# How to Flash a Modem



## froz (Oct 23, 2011)

I hate posting the most newbie questions but sometimes when you start out the most basic information just isn't there. Too much is assumed I guess.

Anyhow, I have CyanogenMod 7.1 loaded and need to flash a modem because messaging isn't working (blank texts). I loaded it through CWM using the heimdall suite. Not sure what this odin thing is exactly. The facebook page for the mes shows Odin3 v1.81 and that doesn't seem to recognize my phone.

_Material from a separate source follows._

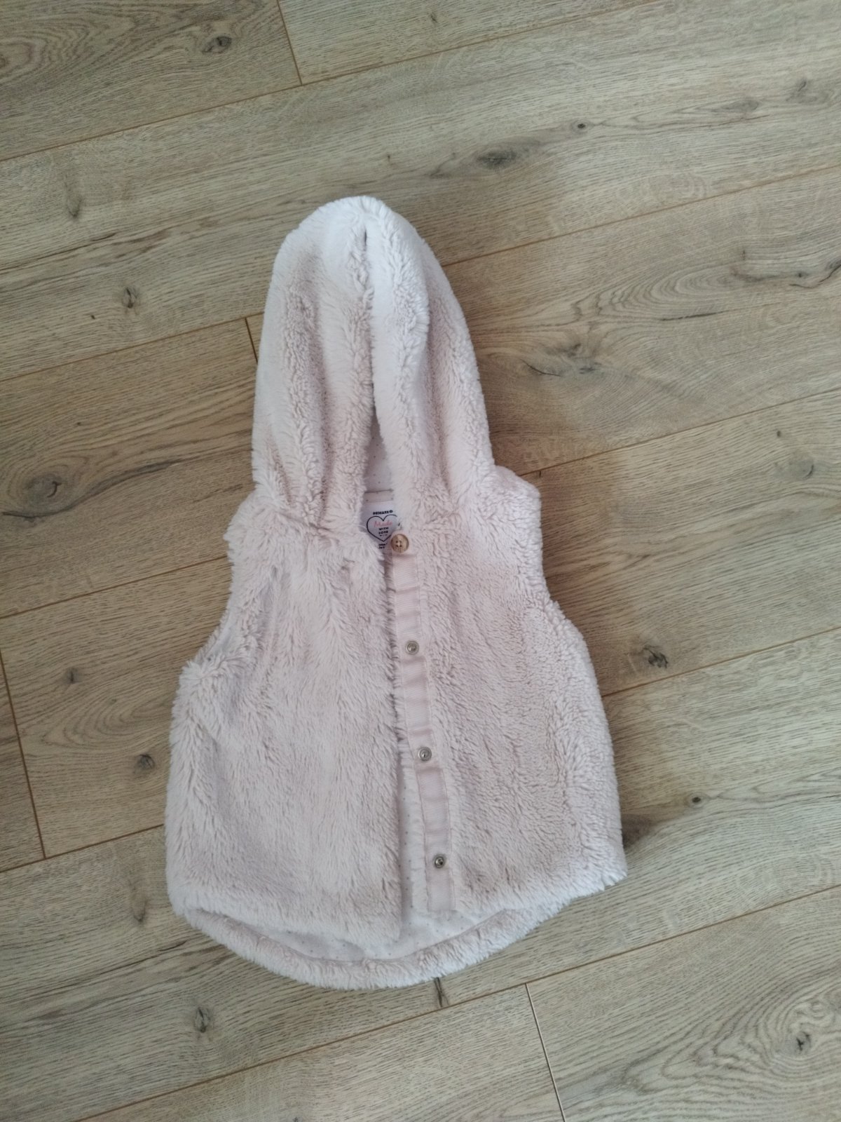 Krásna huňatá vestička zn. F&F. Farba je krémová. Podšitá bavlnou. Ideálna na chladnejsiu jar. Veľmi pekný stav, akurát pri zipse sa trošku šúpe vrchný materiál. Nie je vidieť (prípadne to dať dole...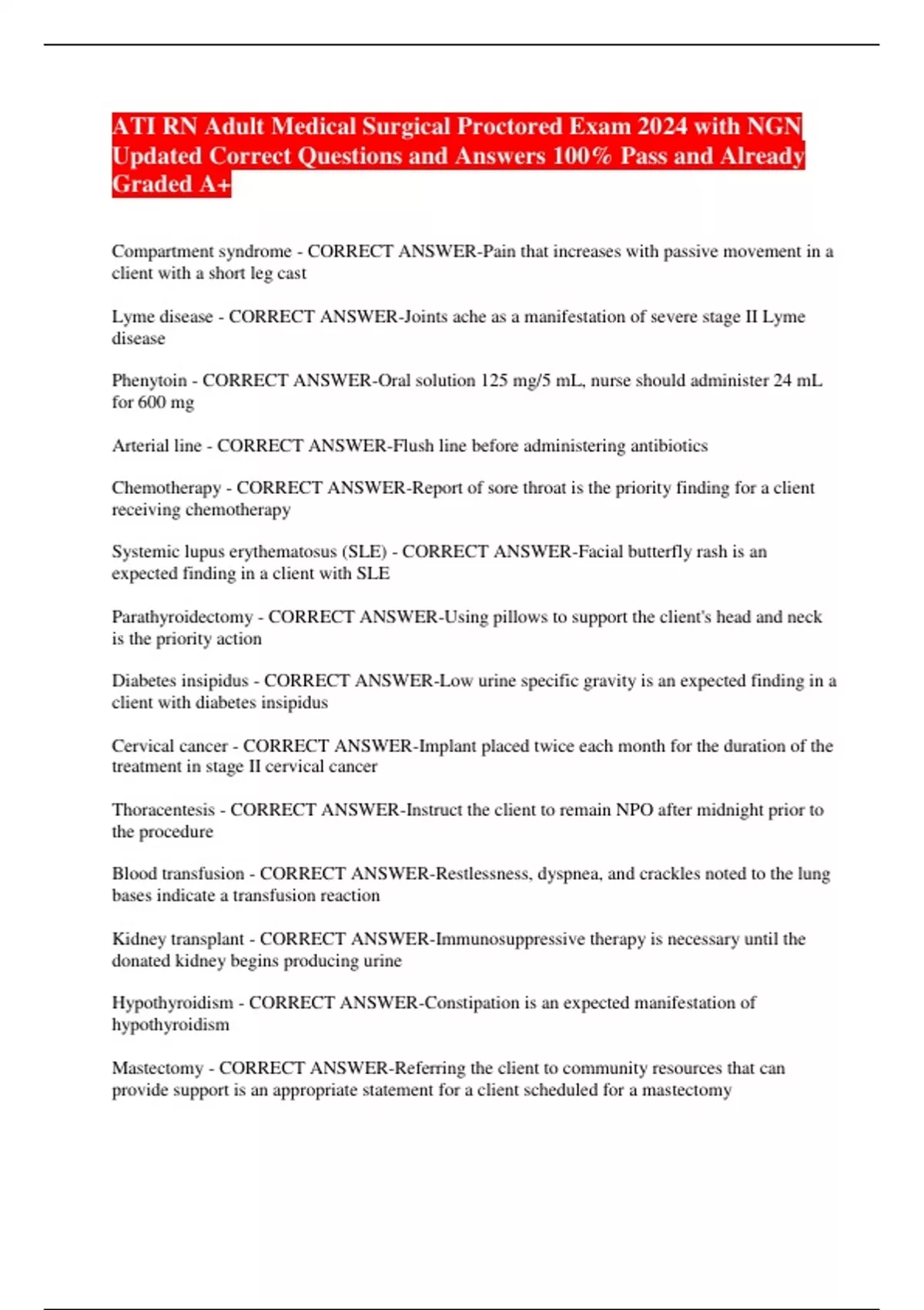 ATI RN Adult Medical Surgical Proctored Exam 2024 with NGN Updated Correct Questions and Answers 100% Pass and Already Graded A+ Compartment syndrome - CORRECT ANSWER-Pain that increases with passive movement in a client with a short leg cast Lyme disease - CORRECT ANSWER-Joints ache as a manifestation of severe stage II Lyme disease Phenytoin - CORRECT ANSWER-Oral solution 125 mg/5 mL, nurse should administer 24 mL for 600 mg Arterial line - CORRECT ANSWER-Flush line before administering antibiotics Chemotherapy - CORRECT ANSWER-Report of sore throat is the priority finding for a client receiving chemotherapy Systemic lupus erythematosus (SLE) - CORRECT ANSWER-Facial butterfly rash is an expected finding in a client with SLE Parathyroidectomy - CORRECT ANSWER-Using pillows to support the client's head and neck is the priority action Diabetes insipidus - CORRECT ANSWER-Low urine specific gravity is an expected finding in a client with diabetes insipidus Cervical cancer - CORRECT ANSWER-Implant placed twice each month for the duration of the treatment in stage II cervical cancer Thoracentesis - CORRECT ANSWER-Instruct the client to remain NPO after midnight prior to the procedure Blood transfusion - CORRECT ANSWER-Restlessness, dyspnea, and crackles noted to the lung bases indicate a transfusion reaction Kidney transplant - CORRECT ANSWER-Immunosuppressive therapy is necessary until the donated kidney begins producing urine Hypothyroidism - CORRECT ANSWER-Constipation is an expected manifestation of hypothyroidism Mastectomy - CORRECT ANSWER-Referring the client to community resources that can provide support is an appropriate statement for a client scheduled for a mastectomy Nephrostomy tube - CORRECT ANSWER-The client reporting back pain is an indication of a complication and should be reported to the provider Alzheimer's disease - CORRECT ANSWER-Position tabletop clocks with multi-colored backgrounds throughout the home for a client with Alzheimer's disease Cancer pain - CORRECT ANSWER-Speaking to the provider about incorporating acupuncture into the treatment plan is an appropriate response for a client with cancer pain Extubation - CORRECT ANSWER-Stridor is an indication of airway obstruction and should be reported to the provider immediately Myocardial infarction (MI) - CORRECT ANSWER-Creatine kinase (CK-MB) 85 mg/dL is an indication of a myocardial infarction Blood transfusion - CORRECT ANSWER-Checking for the type and number of units of blood to administer is the first action before initiating a blood transfusion Aplastic anemia - CORRECT ANSWER-WBC count 2,000/mm^3 indicates a potential complication in a client with aplastic anemia Modified radical mastectomy - CORRECT ANSWER-Flex the affected arm when ambulating is an appropriate instruction for a client following a modified radical mastectomy Atherosclerosis prevention - CORRECT ANSWER-Follow a smoking cessation program, maintain an appropriate weight, and eat a low-fat diet are recommendations for preventing atherosclerosis Hemianopsia - CORRECT ANSWER-Scan the environment by turning your head from side to side to reduce the risk of falls for a client with homonymous hemianopsia Lung re-expansion - CORRECT ANSWER-Bubbling in the water seal chamber ceasing is an indication of lung re-expansion Heparin administration - CORRECT ANSWER-Gently massaging the site after injecting the medication is an appropriate action for a client self-administering heparin Osteomyelitis - CORRECT ANSWER-Sedimentation rate is a potential complication and should be reported to the provider for a client with osteomyelitis Latex allergy - CORRECT ANSWER-Avocados can indicate a latex allergy DKA improvement - CORRECT ANSWER-pH 7.28 indicates improvement in a client with diabetic ketoacidosis (DKA)

Could somebody dumb it down for me a bit?

Appreciate it.
Froz


----------



## dean.d (Aug 15, 2011)

This is most likely a driver issue. http://db.tt/al5SGKbg These are the CM7 drivers for Windows. If that doesn't work, try the Samsung drivers http://http://www.samsung.c.../SCH-I500RKAUSC.


----------



## froz (Oct 23, 2011)

Yessir. It indeed was a driver issue- thank you. I did learn from a youtube video that it is the phone option to place the modem file. Having some issues with CM7 and wifi connection stability (especially on fresh reboot) but everything else appears to function.


----------



## poontab (Jun 7, 2011)

Moved to general. Please use development sections for releases only.


----------



## hottcakes (Dec 26, 2011)

froz said:


> I hate posting the most newbie questions but sometimes when you start out the most basic information just isn't there. Too much is assumed I guess.
> 
> Anyhow, I have CyanogenMod 7.1 loaded and need to flash a modem because messaging isn't working (blank texts). I loaded it through CWM using the heimdall suite. Not sure what this odin thing is exactly. The facebook page for the mes shows Odin3 v1.81 and that doesn't seem to recognize my phone.
> 
> ...


so going to a different radio fixed the sending of blank texts? which radio worked for you?


----------